Avi Kivity [Mon, 2 Jan 2012 11:12:08 +0000 (13:12 +0200)]
Direct dispatch through MemoryRegion
Now that all mmio goes through MemoryRegions, we can convert
io_mem_opaque to be a MemoryRegion pointer, and remove the thunks
that convert from old-style CPU{Read,Write}MemoryFunc to MemoryRegionOps.
Avi Kivity [Sun, 1 Jan 2012 22:32:15 +0000 (00:32 +0200)]
Convert IO_MEM_{RAM,ROM,UNASSIGNED,NOTDIRTY} to MemoryRegions
Convert the fixed-address IO_MEM_RAM, IO_MEM_ROM, IO_MEM_UNASSIGNED,
and IO_MEM_NOTDIRTY io handlers to MemoryRegions. These aren't real
regions, since they are never added to the memory hierarchy, but they
allow reuse of the dispatch functionality.
Avi Kivity [Sun, 1 Jan 2012 16:24:24 +0000 (18:24 +0200)]
Fix wrong region_offset when overlaying a page with another
cpu_register_physical_memory_log() does not update region_offset
if a page was previously registered for the same address. This
could cause mmio accesses going to the wrong place, by using the
old region_offset.
Avi Kivity [Sun, 1 Jan 2012 16:02:31 +0000 (18:02 +0200)]
memory: remove MemoryRegion::backend_registered
backend_registered was used to lazify the process of registering an
mmio region, since the it is different for the I/O address space and
the memory address space. However, it also makes registration dependent
on the region being visible in the address space. This is not the case
for "fake" regions, like watchpoints or IO_MEM_UNASSIGNED.
Remove backend_registered and always initialize the region. If it turns
out to be part of the I/O address space, we've wasted an I/O slot, but
that's not too bad. In any case this will be optimized later on.
Avi Kivity [Sun, 20 Nov 2011 15:52:22 +0000 (17:52 +0200)]
exec: make phys_page_find() return a temporary
Instead of returning a PhysPageDesc pointer, return a temporary.
This lets us move away from actually storing PhysPageDesc's, and
instead sythesising them when needed.
Avi Kivity [Wed, 21 Dec 2011 11:37:56 +0000 (13:37 +0200)]
Remove support for version 3 ram_load
Version 3 ram_load depends on ram_addrs, which are not stable. Version 4
was introduced in 0.13 (and RHEL 6), so this means live migration from 0.12
and earlier to 1.1 or later will not work.

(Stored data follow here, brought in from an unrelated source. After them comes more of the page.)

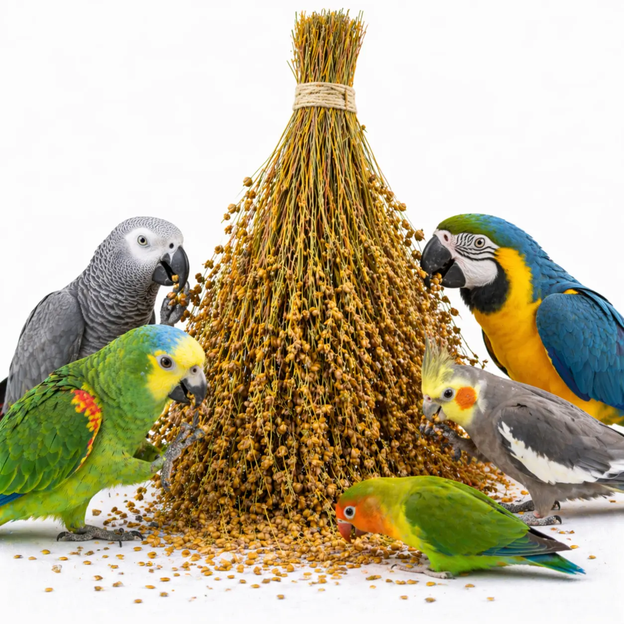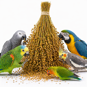 W zależności od gatunku papugi podawać do kilku kłosów tygodniowo jako uzupełnienie zbilansowanej diety. Produkt nie zastępuje podstawowej karmy.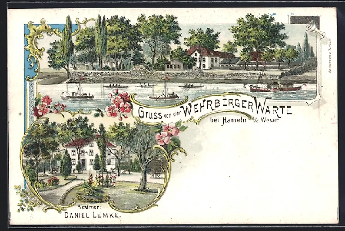 Lithographie Hameln a. d. Weser, Gasthof Wehrberger Warte, Besitzer Daniel Lemke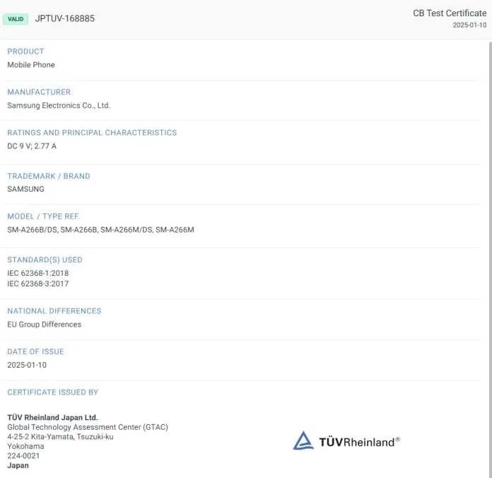 在 TUV Rheinland 认证中,出现了 SM-A266B / DS、SM-A266B、SM-A266M / DS 和 SM-A266M 型号,确认该机支持 25W 有线充电。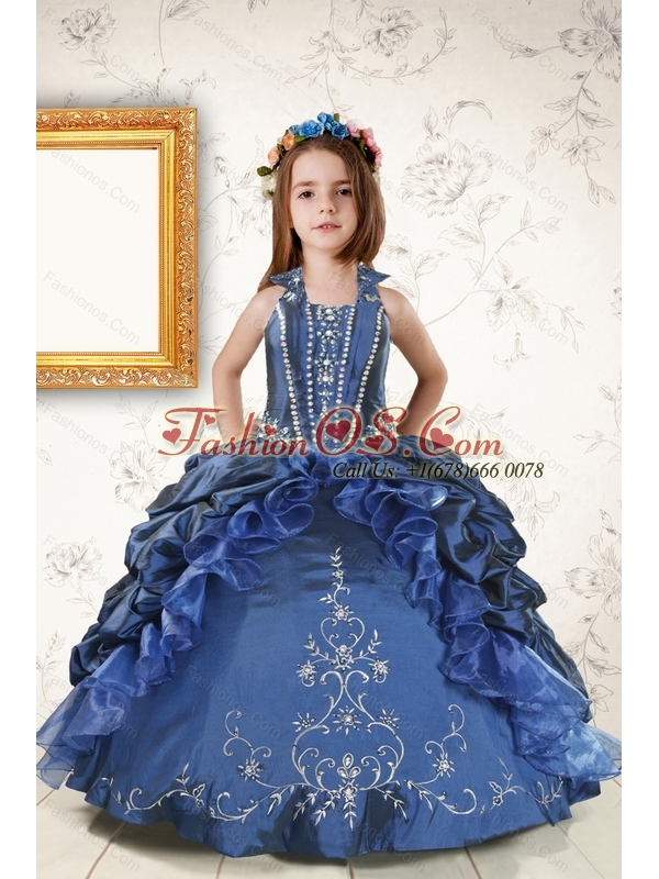 Home >  Special Occasion Dresses >  New Style Little Girl Pageant Dresses > 2015 Affordable Appliques and Pick Ups Little Girl Dress in Navy Blue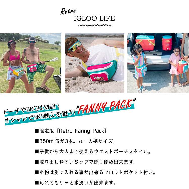 | 仕様 | 子供から大人まで使用できるウエストポーチ。 ウォーキングやSUPなどにも最適。 ・リミテッドエディション「Retro Fanny Pack」 ・子供から大人まで使えるウエストバッグスタイル ・ジップで取り出しやすい開閉スタイル。 ・小物は別に入れることができるフロントポケット付き ・350ml缶3本収納可能。 |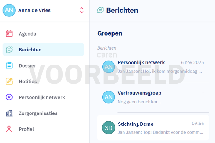 Je stuurt een bericht via de berichtenpagina op de zorgpagina. Daar kies je de zorgorganisatie waar je het bericht naartoe wilt sturen. Het bericht dat je verstuurt, zie je zelf terug bij Berichten in Caren.

Avi Kivity [Wed, 21 Dec 2011 11:22:16 +0000 (13:22 +0200)]
Sort RAMBlocks by ID for migration, not by ram_addr
ram_addr is (a) unstable (b) going away. Sort by idstr instead.

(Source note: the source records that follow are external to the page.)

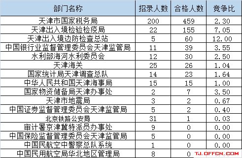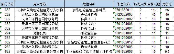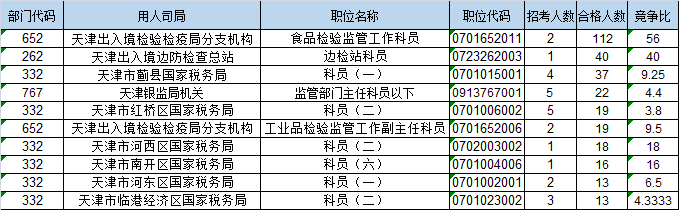 報名通過審核人數(shù)前十的職位主要集中在天津出入境檢驗檢疫局分支機(jī)構(gòu)、天津出入境邊防檢查總站、天津市薊縣國家稅務(wù)局,具體信息如下: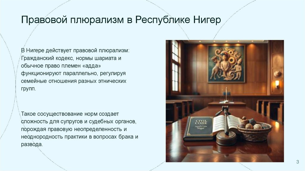 Правовой плюрализм в Республике НигерВ Нигере действует правовой плюрализм: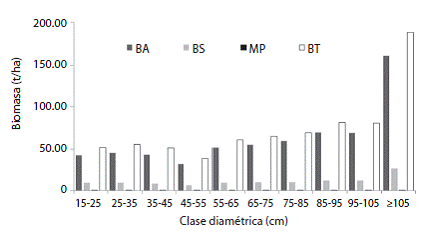 Mg/ha (Cuadro 3). Los robledales del sur del Huila almacenan en promedio un total de 272.9 ± 42.0 MgC/ha, de los cuales 72.5 % se encuentran almacenadas en la biomasa aérea, 13.6 % en la biomasa subterránea de raíces, y 13.9 % en la necromasa. En relación con la distribución de la biomasa aérea por clase diamétrica, se observó que ésta se encuentra concentrada principalmente en los árboles con diámetros grandes (e.g. 95 - 105 cm y ≥ 105 cm; Figura 2).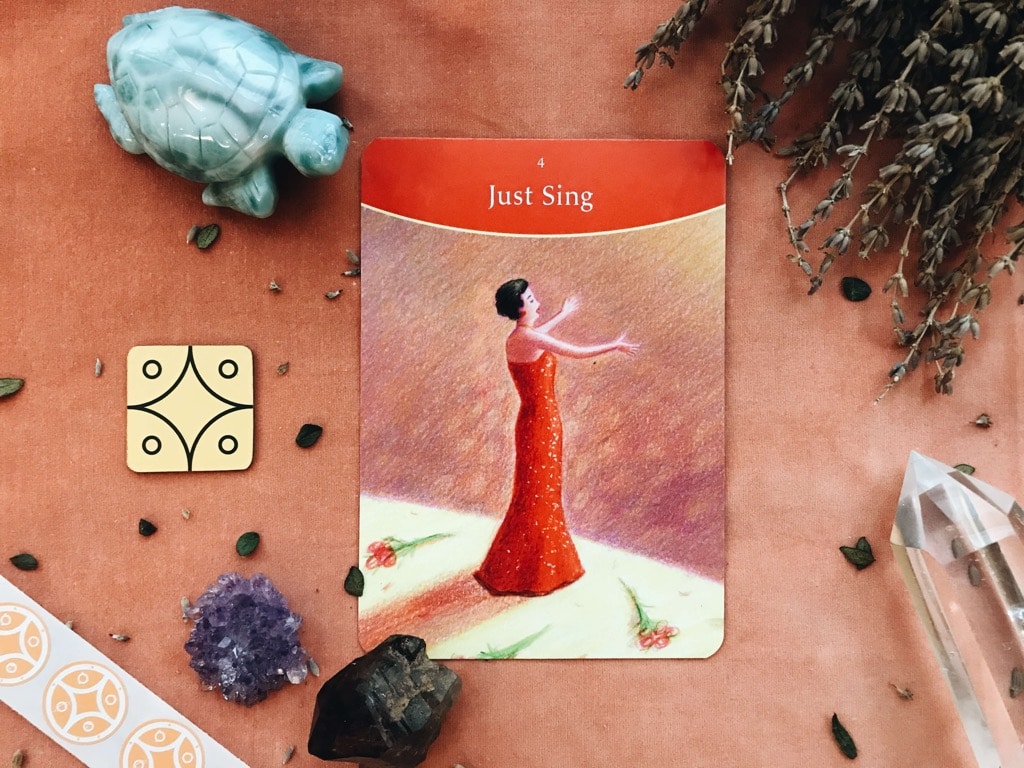透過唱歌,讓你的靈魂更貼近你的身心,進而將這個頻率帶到世界。唱歌能協助靈魂的進展,為生命增添光彩與魔力。你可以哼唱你最愛的搖籃曲或搖滾歌曲。翻唱民間歌謠、國歌或是自行編曲都好,讓自己整天充滿在旋律之中吧!別讓小我中斷你的歌謠。當你歌唱,你會喚醒天使與守護靈進入你的生活。當你大聲歌唱,就能協助打開心輪,讓靈魂之光充滿你的全身,也能協助別人打開他們的心房。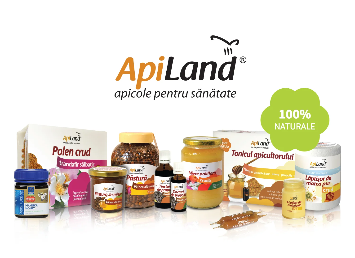 ApiLand îţi pune la dispoziţie cea mai variată gamă de produse apicole din România, pentru ca tu să te poți bucura de efectele terapeutice extraordinare ale acestora. În cadrul magazinului online www.apiland.ro şi a celor peste 500 de magazine partenere vei găsi: lăptişor de matcă pur, polenuri crude, tonice apicole, păstură, miere crudă, propolis, miere de Manuka şi şi alte produse din gama Manuka Health, bomboane cu miere şi săpunuri naturale.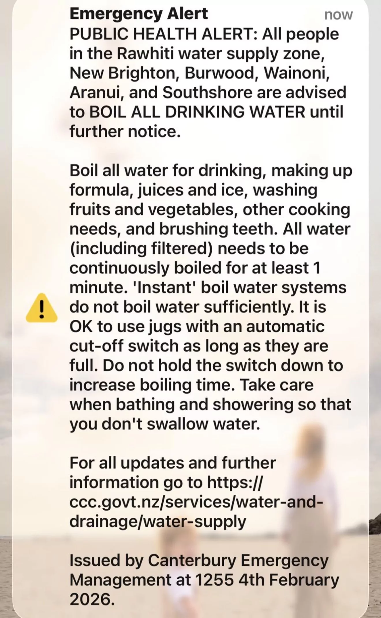 The alert said, “PUBLIC HEALTH ALERT: All people in the Rawhiti water supply zone, New Brighton, Burwood, Wainoni, Aranui, and Southshore are advised to BOIL ALL DRINKING WATER until further notice.”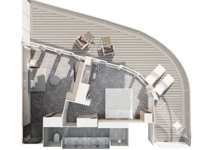 | SUGO - Große Freiheit Suite 88 m² + balkón 43 m² so stolom, ležadlami + balkón s hojdacou sieťou. 2 spálne, 2 kúpeľne, šatník, infračervená sauna. 9,10. paluba. Max 6 osoby. Výhody Suite. | 32 455 € 6 491 € za osobu | ||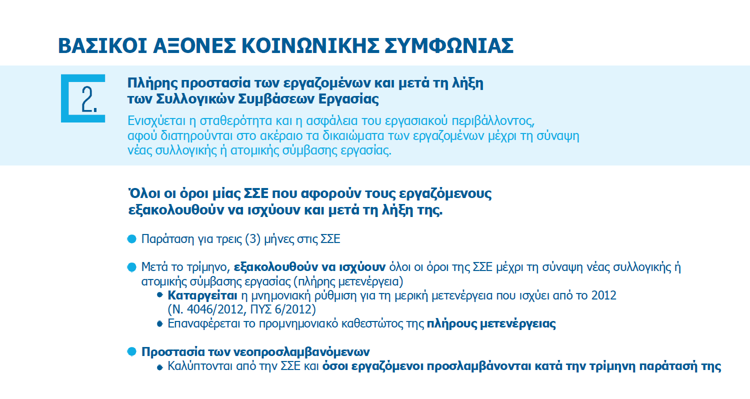 Ο δεύτερος άξονας αφορά στην πλήρη προστασία των εργαζομένων μετά τη λήξη των Συλλογικών Συμβάσεων Εργασίας.

Commit b2e0a138e initially introduced the sorting for the purpose
of improving debuggability. After this patch, the order is still
stable, but perhaps less usable by a human.
Avi Kivity [Tue, 20 Dec 2011 13:59:12 +0000 (15:59 +0200)]
vmstate, memory: decouple vmstate from memory API
Currently creating a memory region automatically registers it for
live migration. This differs from other state (which is enumerated
in a VMStateDescription structure) and ties the live migration code
into the memory core.
Decouple the two by introducing a separate API, vmstate_register_ram(),
for registering a RAM block for migration. Currently the same
implementation is reused, but later it can be moved into a separate list,
and registrations can be moved to VMStateDescription blocks.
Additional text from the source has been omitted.